* [Records excerpted from a collection]:
= = =

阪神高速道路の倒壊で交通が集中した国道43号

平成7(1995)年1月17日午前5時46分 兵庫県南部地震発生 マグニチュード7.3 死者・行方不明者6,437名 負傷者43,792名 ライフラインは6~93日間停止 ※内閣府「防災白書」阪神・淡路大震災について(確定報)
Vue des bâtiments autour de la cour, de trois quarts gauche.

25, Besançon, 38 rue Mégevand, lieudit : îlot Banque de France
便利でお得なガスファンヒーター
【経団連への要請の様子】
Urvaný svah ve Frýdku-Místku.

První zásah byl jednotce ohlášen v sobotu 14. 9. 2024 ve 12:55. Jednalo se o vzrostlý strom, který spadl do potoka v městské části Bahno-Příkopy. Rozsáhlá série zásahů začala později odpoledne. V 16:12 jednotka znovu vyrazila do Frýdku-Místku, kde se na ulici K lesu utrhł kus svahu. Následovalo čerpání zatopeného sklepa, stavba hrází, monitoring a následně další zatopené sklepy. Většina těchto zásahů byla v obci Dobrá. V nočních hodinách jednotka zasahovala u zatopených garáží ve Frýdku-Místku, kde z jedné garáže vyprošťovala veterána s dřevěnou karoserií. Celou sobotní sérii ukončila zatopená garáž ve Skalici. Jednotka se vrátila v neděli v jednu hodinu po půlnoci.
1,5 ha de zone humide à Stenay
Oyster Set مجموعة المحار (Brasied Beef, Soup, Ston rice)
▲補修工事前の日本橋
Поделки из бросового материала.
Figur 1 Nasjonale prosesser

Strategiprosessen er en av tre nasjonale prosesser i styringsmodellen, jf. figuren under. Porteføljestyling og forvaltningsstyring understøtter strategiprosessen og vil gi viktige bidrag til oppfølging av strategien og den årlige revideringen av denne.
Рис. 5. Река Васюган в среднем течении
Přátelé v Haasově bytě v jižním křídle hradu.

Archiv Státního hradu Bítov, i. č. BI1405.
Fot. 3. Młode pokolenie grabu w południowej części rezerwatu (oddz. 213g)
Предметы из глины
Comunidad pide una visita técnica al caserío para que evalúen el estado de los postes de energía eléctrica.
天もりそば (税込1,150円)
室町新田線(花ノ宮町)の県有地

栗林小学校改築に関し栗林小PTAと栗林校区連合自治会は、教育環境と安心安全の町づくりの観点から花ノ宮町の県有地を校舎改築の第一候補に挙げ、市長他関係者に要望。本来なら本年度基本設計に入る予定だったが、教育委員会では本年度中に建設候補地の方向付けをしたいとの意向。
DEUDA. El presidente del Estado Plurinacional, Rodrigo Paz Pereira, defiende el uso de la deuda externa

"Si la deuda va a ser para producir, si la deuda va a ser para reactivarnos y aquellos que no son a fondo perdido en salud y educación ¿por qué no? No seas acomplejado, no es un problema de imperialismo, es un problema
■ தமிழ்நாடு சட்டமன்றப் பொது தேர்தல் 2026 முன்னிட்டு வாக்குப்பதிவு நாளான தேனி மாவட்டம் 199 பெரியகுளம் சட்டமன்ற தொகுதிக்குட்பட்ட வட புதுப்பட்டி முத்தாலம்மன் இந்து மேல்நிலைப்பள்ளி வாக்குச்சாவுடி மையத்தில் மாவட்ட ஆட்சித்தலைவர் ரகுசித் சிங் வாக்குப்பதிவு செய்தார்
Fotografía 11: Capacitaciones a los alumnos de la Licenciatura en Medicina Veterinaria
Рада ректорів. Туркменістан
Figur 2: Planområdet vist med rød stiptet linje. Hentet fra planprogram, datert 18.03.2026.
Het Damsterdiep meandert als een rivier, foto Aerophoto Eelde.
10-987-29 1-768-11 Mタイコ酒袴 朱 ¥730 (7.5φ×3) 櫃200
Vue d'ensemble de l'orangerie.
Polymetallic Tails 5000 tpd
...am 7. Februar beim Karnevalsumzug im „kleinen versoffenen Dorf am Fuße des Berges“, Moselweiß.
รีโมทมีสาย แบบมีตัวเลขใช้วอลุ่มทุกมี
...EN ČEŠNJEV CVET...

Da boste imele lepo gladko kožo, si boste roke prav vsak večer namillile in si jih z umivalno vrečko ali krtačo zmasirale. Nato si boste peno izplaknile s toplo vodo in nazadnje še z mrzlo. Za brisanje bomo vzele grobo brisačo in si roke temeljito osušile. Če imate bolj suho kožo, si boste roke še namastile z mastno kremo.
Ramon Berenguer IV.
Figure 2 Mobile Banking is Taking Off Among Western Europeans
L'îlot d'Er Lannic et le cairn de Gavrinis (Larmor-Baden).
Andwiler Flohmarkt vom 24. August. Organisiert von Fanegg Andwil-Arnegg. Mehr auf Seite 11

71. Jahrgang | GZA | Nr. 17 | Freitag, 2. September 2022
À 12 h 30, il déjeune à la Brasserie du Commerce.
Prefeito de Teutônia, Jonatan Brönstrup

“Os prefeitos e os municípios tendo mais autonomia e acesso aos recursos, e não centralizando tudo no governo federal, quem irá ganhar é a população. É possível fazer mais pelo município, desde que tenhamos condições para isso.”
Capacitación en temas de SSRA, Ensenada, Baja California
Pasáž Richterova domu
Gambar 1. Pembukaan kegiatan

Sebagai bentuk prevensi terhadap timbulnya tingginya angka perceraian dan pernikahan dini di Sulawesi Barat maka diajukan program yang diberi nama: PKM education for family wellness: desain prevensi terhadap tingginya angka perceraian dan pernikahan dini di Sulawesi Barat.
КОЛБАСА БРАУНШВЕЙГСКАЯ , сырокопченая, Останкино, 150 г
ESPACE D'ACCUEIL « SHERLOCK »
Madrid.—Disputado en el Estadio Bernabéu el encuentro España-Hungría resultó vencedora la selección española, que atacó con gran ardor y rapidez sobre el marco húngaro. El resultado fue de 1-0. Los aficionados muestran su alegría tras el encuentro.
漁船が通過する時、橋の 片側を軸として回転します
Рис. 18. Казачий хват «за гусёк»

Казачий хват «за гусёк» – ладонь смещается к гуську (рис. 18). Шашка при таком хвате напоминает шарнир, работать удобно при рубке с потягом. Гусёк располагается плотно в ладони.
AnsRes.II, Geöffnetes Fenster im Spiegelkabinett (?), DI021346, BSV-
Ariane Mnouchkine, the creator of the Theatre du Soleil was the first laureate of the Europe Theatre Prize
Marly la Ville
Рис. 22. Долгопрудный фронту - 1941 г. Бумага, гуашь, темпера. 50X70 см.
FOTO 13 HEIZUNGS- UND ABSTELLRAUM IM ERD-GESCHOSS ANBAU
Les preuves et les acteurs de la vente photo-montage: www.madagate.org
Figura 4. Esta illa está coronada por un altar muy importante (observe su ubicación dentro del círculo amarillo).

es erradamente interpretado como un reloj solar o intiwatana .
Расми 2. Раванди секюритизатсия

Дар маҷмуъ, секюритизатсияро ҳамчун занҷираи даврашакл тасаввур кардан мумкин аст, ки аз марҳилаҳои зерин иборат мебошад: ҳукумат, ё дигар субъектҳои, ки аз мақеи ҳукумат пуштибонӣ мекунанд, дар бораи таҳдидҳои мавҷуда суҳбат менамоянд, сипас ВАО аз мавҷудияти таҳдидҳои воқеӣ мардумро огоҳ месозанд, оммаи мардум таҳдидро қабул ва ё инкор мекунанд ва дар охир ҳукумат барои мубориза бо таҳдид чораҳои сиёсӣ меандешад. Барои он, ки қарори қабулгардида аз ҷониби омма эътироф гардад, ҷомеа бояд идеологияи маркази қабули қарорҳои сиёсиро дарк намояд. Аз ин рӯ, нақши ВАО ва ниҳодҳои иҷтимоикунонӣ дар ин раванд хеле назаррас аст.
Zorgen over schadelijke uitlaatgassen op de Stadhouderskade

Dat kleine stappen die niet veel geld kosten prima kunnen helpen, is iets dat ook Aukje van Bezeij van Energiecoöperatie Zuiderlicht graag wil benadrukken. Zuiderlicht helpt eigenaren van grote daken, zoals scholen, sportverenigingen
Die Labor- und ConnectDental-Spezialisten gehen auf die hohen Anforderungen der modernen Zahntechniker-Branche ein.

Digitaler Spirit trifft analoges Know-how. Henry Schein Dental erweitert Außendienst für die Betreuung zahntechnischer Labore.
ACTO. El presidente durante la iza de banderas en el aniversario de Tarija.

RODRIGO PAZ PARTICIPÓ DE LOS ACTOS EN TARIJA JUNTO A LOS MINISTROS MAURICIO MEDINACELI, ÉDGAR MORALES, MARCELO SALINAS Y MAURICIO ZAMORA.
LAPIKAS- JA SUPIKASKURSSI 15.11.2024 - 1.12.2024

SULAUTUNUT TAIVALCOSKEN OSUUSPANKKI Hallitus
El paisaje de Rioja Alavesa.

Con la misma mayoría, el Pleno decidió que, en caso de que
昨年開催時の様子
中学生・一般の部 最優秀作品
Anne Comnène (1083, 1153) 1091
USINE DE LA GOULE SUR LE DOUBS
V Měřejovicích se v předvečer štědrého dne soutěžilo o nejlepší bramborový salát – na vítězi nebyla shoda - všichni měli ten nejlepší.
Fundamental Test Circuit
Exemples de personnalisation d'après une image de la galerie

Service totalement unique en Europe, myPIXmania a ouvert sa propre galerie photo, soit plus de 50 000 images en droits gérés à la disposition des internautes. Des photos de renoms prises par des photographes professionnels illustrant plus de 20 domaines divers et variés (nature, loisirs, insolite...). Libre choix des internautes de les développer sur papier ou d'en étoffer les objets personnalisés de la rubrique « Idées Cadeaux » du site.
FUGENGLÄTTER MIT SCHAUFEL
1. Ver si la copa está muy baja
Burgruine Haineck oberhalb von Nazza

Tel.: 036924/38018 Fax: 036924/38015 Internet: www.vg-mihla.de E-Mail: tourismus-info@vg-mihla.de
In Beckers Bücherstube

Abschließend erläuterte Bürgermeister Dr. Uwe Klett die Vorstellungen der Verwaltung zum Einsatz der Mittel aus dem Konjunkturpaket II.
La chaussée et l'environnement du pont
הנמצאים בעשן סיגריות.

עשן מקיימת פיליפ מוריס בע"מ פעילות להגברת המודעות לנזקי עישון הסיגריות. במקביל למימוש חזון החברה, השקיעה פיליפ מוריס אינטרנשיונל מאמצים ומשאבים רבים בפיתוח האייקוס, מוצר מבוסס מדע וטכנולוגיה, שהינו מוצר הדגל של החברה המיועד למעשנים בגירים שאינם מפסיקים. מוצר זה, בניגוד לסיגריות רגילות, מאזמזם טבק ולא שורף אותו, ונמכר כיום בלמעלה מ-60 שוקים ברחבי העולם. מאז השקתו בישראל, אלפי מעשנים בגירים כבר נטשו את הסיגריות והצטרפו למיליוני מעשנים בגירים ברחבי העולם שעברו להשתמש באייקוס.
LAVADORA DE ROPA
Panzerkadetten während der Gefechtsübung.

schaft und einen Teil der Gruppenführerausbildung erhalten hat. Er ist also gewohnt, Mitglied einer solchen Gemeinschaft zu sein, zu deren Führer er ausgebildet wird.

= = =

* [ABOUT THIS EXERCISE]:
Only the lines above starting with the one with "Přátelé v Haasově bytě v jižním křídle hradu." and going through the one with "室町新田線(花ノ宮町)の県有地" are to be copied, word for word and with both ends kept.

* [PROBLEM SOLUTION]:
Přátelé v Haasově bytě v jižním křídle hradu.

Archiv Státního hradu Bítov, i. č. BI1405.
Fot. 3. Młode pokolenie grabu w południowej części rezerwatu (oddz. 213g)
Предметы из глины
Comunidad pide una visita técnica al caserío para que evalúen el estado de los postes de energía eléctrica.
天もりそば (税込1,150円)
室町新田線(花ノ宮町)の県有地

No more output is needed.